3. That the applicant in Misc Crim. Application No. E3072 of 2021 made averments and/or unsubstantiated claims and obtained orders to obtain account opening documents of Account No. xxxxxxxxxxxxx in Equity Bank Ltd and Account No. xxxxxxxxxx in NCBA Bank Limited, both in the names of Leah Nyambura (Applicant) and bank statements as from 1st April 2018 to 31st October 2019 without her knowledge and/or knowledge of the Succession Court.
4. That the stated orders were obtained in a matter which she was not a Respondent hence her rights to fair hearing were tramped upon; rights that she seeks to be protected under Article 50 of the Constitution; that her rights have been prejudiced for not having been heard by a competent court accountable to criminal justice system as the orders were issued by an unnamed Hon. Magistrate.

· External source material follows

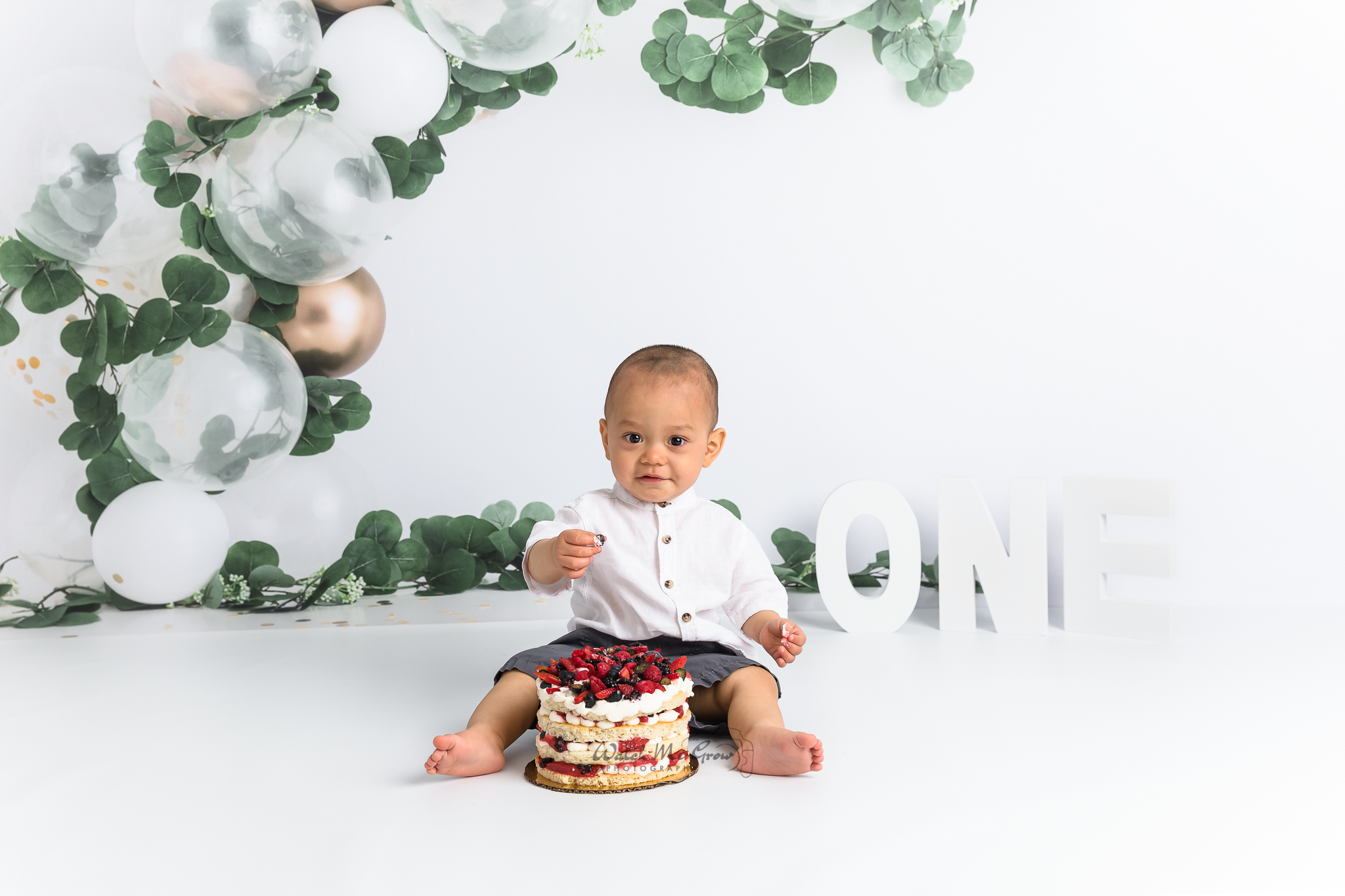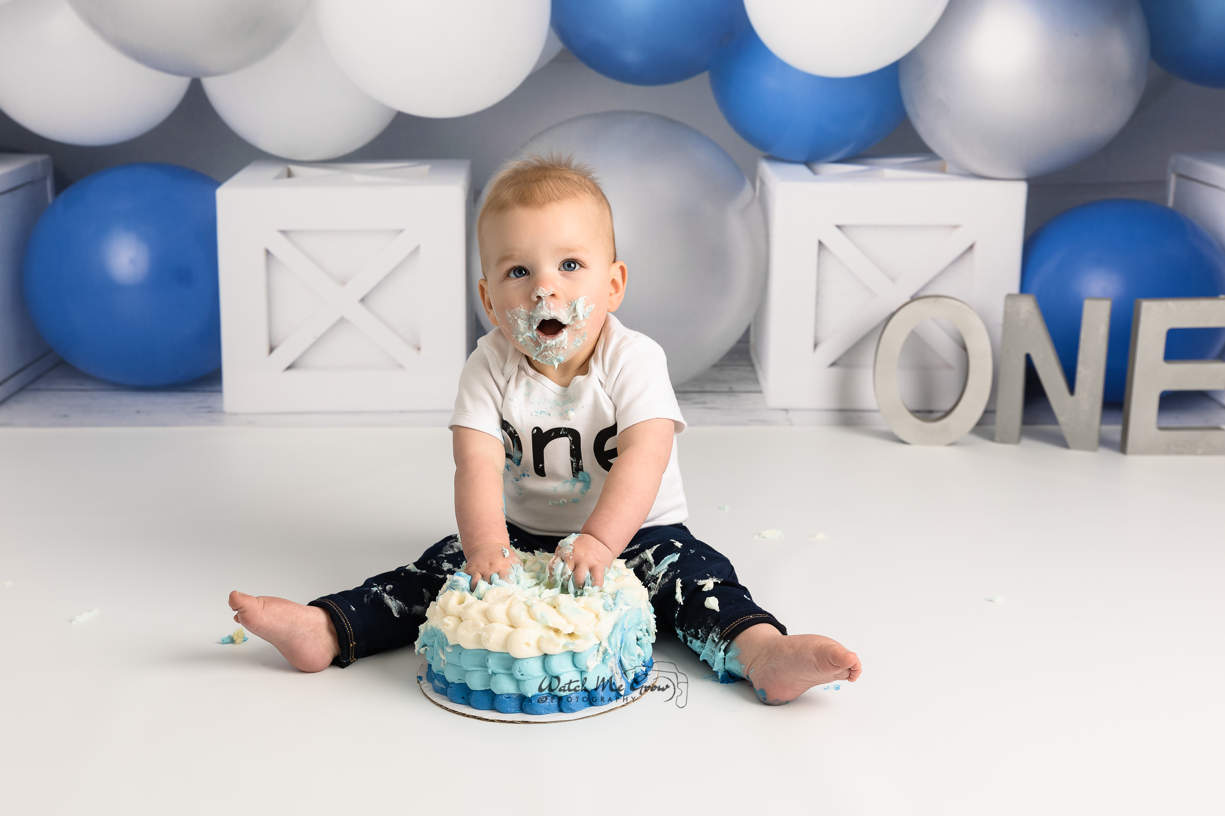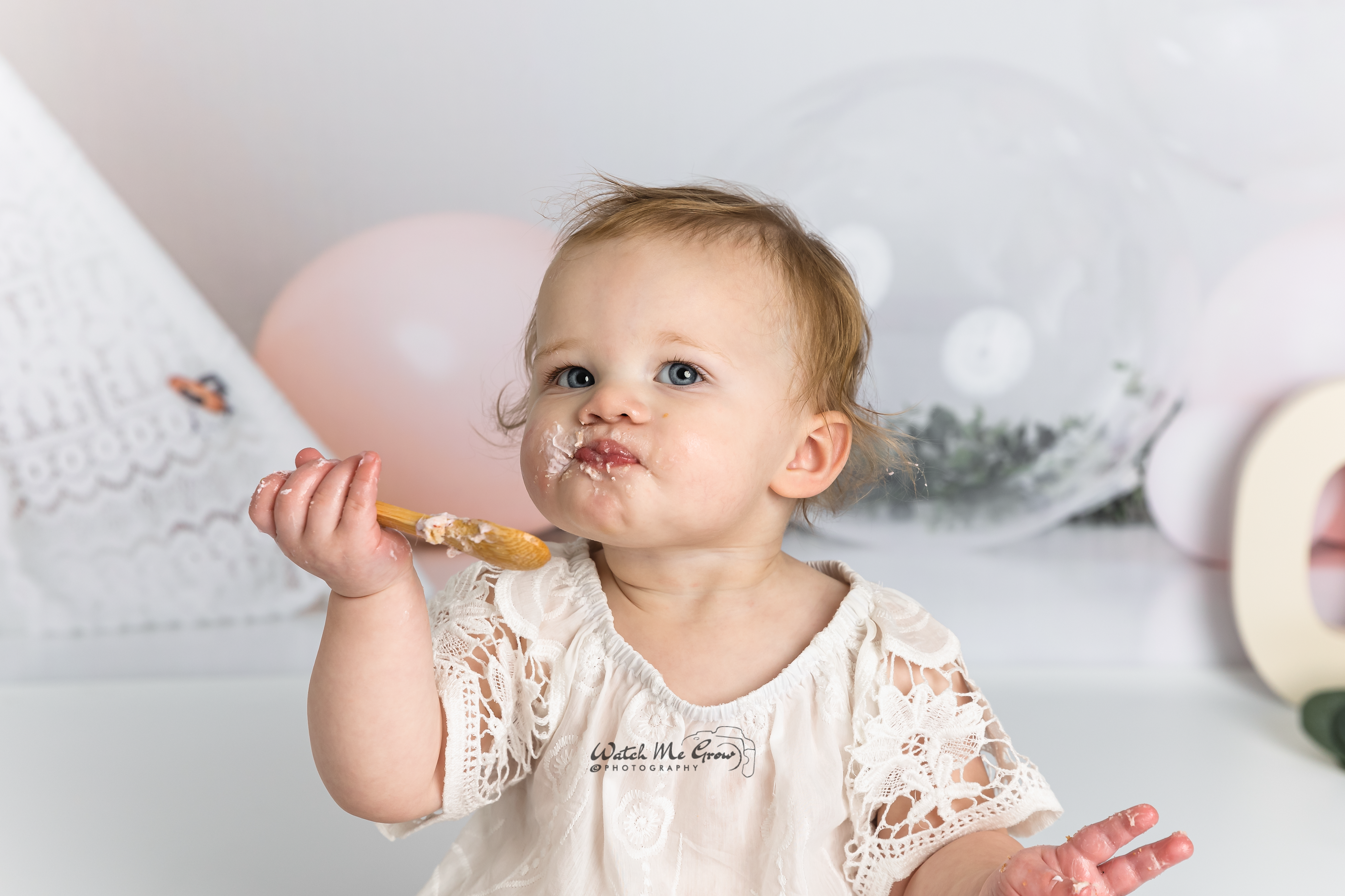 I typically start with a couple portrait images without the cake. Then we move onto the cake / food (and outfit change if needed). Once the cake is put in front of them there will be a few mins of .... "is this ALL for me?" .... "I can actually eat it ALL of it?!" .... "what is this?" looks. Keep in mind 80% of babies are not interested in the cake. This can be anything from the texture, the sweetness of the frosting, or just simply not in the mood. I aim to capture as many fun memories as possible in this part - even if they are not interested in the cake.

5. The applicant swore an affidavit in support to the application where she reiterated what is stated in the body of the application and added that the affidavit sworn by No. 75579 CPL. Geoffrey Mwangi dated 14th September 2021 contains unsubstantiated statements and/or averments that she was not given a chance to defend.
6. That the alleged complainant Martin Henry Chege Thuo in the affidavit of CPL. Geoffrey Mwangi is a stranger to the Estate and the Succession Cause and the alleged Power of Attorney was neither presented before the Hon. Court nor served upon the Succession Court and is a figment of own imagination; the application is unopposed.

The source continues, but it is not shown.